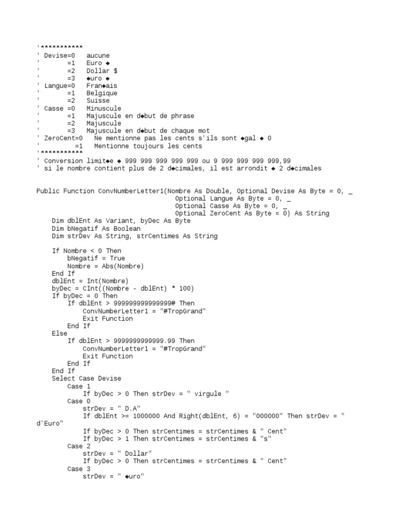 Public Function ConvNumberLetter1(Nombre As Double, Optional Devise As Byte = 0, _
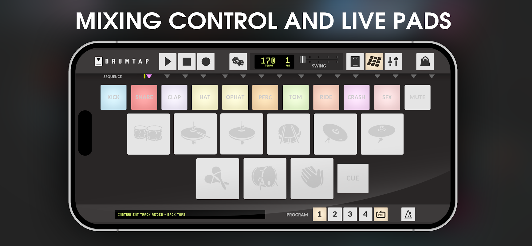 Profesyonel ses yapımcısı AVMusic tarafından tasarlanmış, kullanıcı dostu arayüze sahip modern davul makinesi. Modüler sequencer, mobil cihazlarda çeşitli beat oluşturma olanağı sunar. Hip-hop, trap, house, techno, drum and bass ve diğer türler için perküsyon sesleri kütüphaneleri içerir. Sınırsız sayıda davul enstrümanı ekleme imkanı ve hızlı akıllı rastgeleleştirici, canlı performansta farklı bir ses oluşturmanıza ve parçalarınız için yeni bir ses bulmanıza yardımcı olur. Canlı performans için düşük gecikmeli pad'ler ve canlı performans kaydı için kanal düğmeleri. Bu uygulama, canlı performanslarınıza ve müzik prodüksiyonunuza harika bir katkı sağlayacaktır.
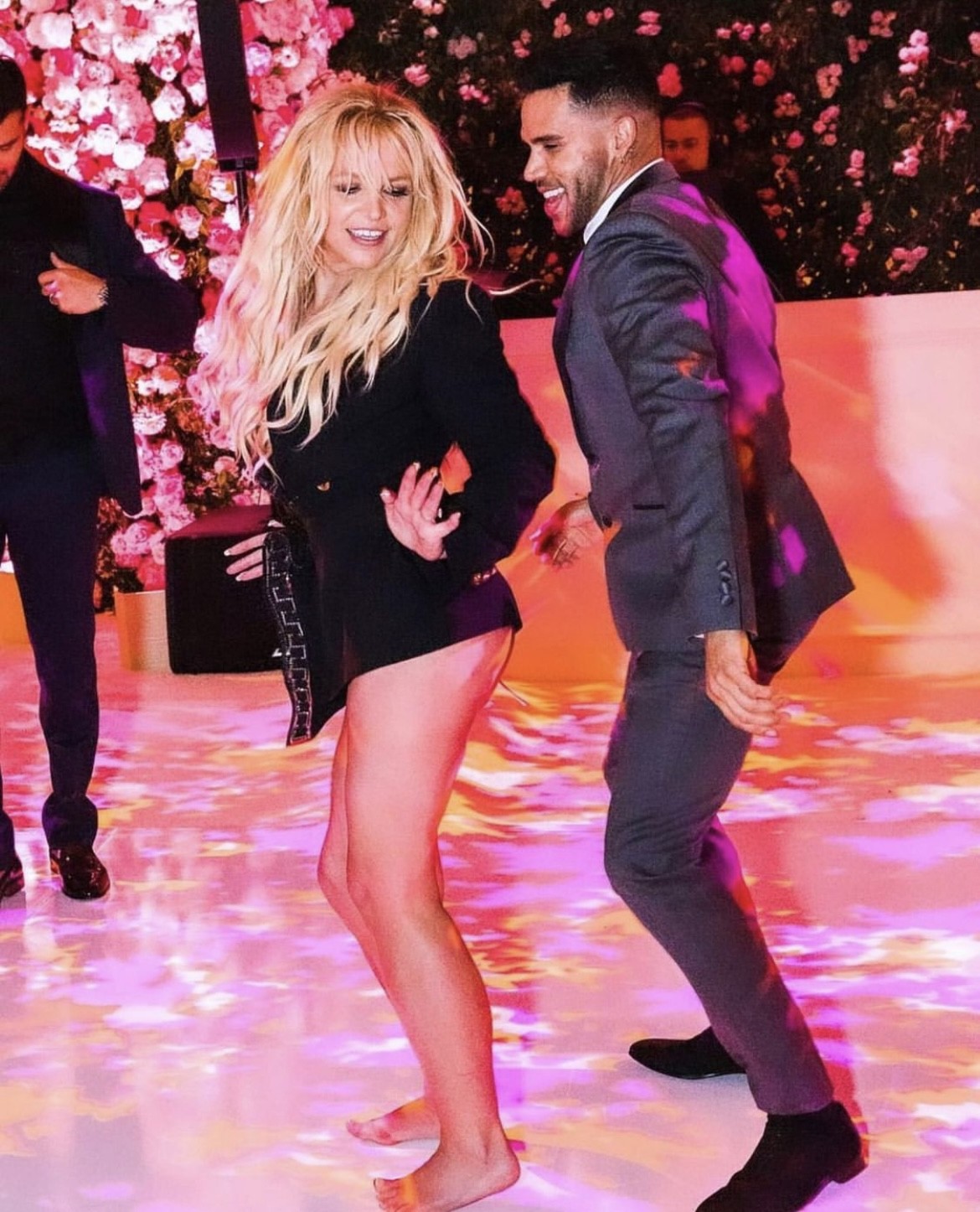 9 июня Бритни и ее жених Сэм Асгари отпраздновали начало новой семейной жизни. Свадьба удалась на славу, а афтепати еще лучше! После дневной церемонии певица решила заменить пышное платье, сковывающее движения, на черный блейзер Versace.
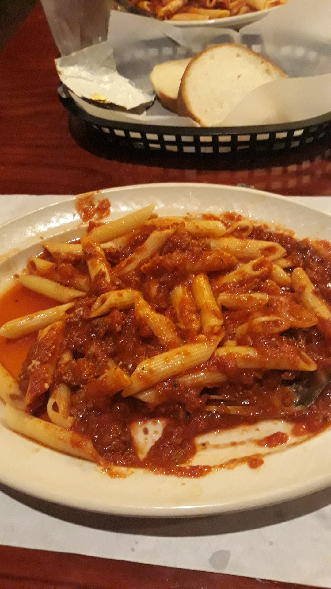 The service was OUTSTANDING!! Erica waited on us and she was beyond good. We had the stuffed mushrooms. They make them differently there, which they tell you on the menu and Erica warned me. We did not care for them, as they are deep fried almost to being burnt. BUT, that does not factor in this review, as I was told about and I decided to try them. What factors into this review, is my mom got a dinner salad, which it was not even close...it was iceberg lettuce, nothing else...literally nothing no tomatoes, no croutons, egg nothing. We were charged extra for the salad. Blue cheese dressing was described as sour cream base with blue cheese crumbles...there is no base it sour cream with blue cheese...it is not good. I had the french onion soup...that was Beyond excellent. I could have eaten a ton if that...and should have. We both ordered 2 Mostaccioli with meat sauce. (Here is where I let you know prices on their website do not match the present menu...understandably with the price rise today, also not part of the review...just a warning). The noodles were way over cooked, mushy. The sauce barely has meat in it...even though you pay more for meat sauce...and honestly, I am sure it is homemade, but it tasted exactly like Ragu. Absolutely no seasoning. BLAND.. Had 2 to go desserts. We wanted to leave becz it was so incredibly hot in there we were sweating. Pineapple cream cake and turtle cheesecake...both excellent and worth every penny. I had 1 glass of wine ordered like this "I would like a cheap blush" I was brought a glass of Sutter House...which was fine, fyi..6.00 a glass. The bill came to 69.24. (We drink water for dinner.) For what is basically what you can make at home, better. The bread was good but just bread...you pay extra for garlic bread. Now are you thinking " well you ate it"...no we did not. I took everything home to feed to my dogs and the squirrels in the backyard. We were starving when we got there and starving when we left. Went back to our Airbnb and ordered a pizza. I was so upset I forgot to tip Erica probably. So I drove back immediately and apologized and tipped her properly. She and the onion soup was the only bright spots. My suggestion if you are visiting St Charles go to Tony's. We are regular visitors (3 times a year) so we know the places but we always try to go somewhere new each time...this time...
..........
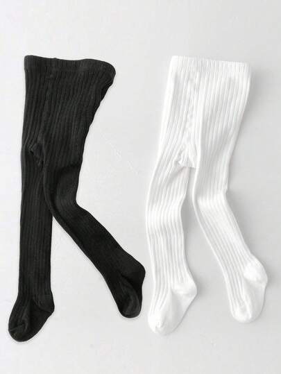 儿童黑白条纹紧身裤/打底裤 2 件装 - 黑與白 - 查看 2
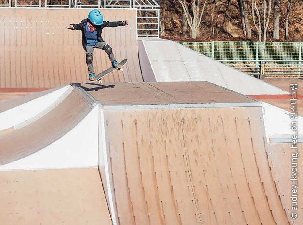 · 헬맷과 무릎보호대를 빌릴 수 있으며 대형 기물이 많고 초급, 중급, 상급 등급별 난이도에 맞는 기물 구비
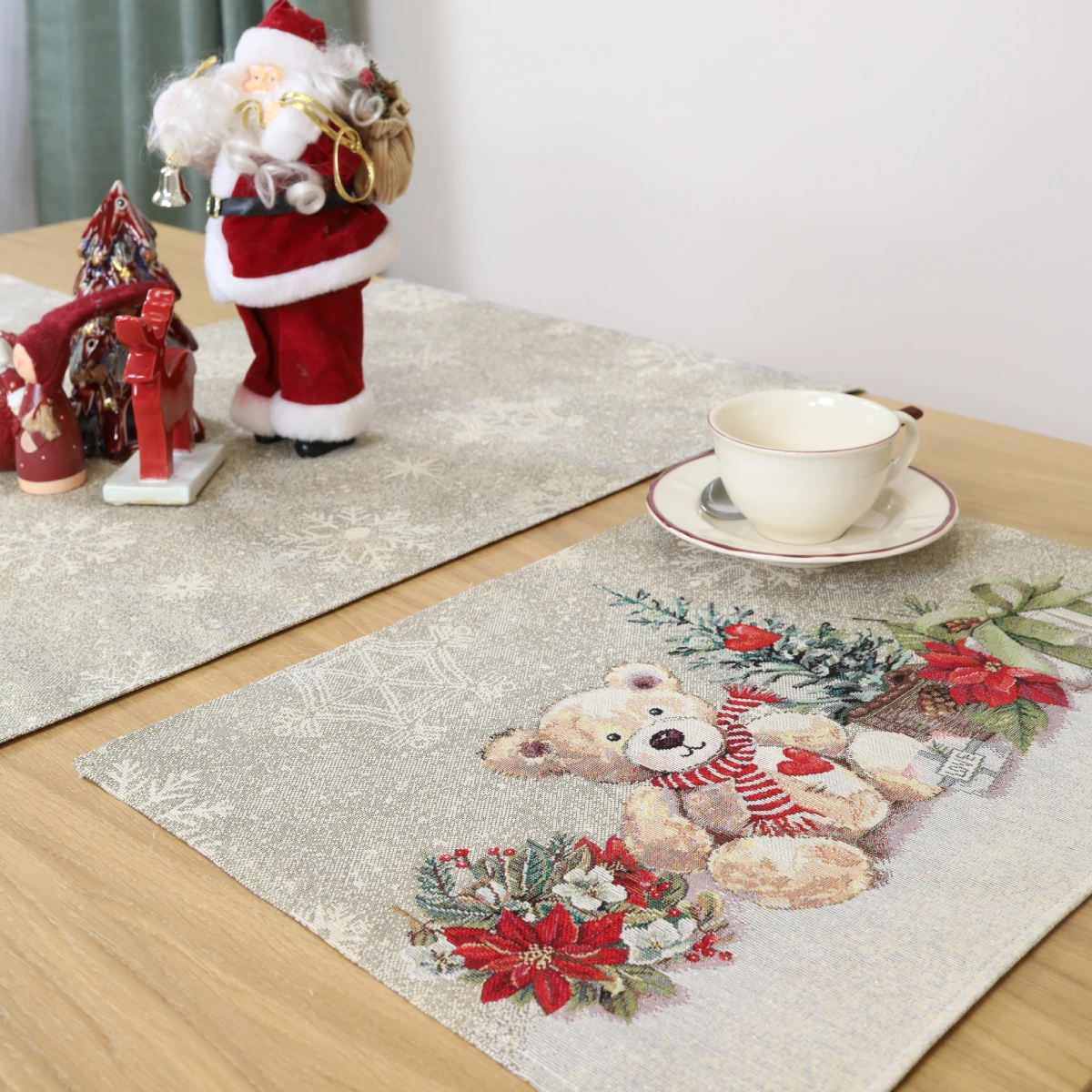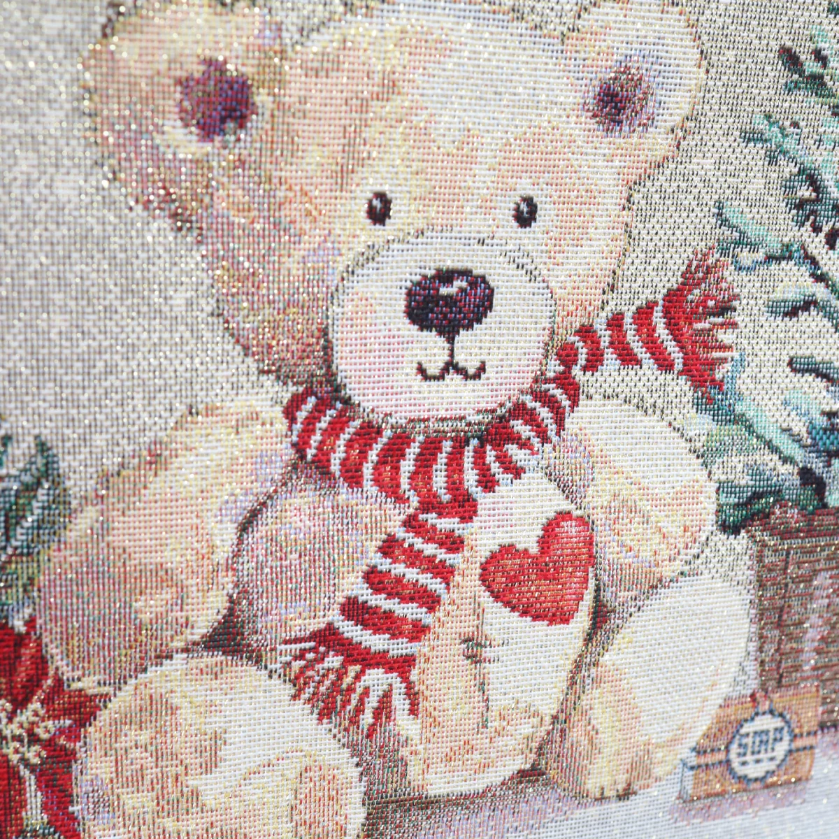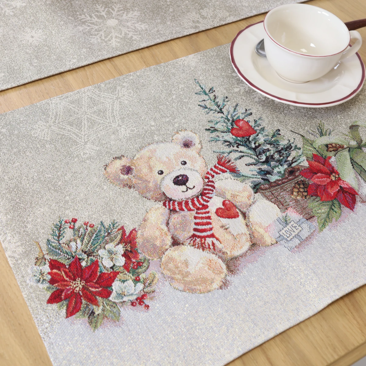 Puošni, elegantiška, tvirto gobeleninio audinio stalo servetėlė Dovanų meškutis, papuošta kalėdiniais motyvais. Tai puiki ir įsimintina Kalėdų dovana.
..........
### TASK BRIEF
What you return must match the lines above from the one with "儿童黑白条纹紧身裤/打底裤 2 件装 - 黑與白 - 查看 2" through the one with "Puošni, elegantiška, tvirto" exactly, with both ends included and the pictures excluded.

### OUTPUT BELOW
 儿童黑白条纹紧身裤/打底裤 2 件装 - 黑與白 - 查看 2
 · 헬맷과 무릎보호대를 빌릴 수 있으며 대형 기물이 많고 초급, 중급, 상급 등급별 난이도에 맞는 기물 구비
 Puošni, elegantiška, tvirto gobeleninio audinio stalo servetėlė Dovanų meškutis, papuošta kalėdiniais motyvais. Tai puiki ir įsimintina Kalėdų dovana.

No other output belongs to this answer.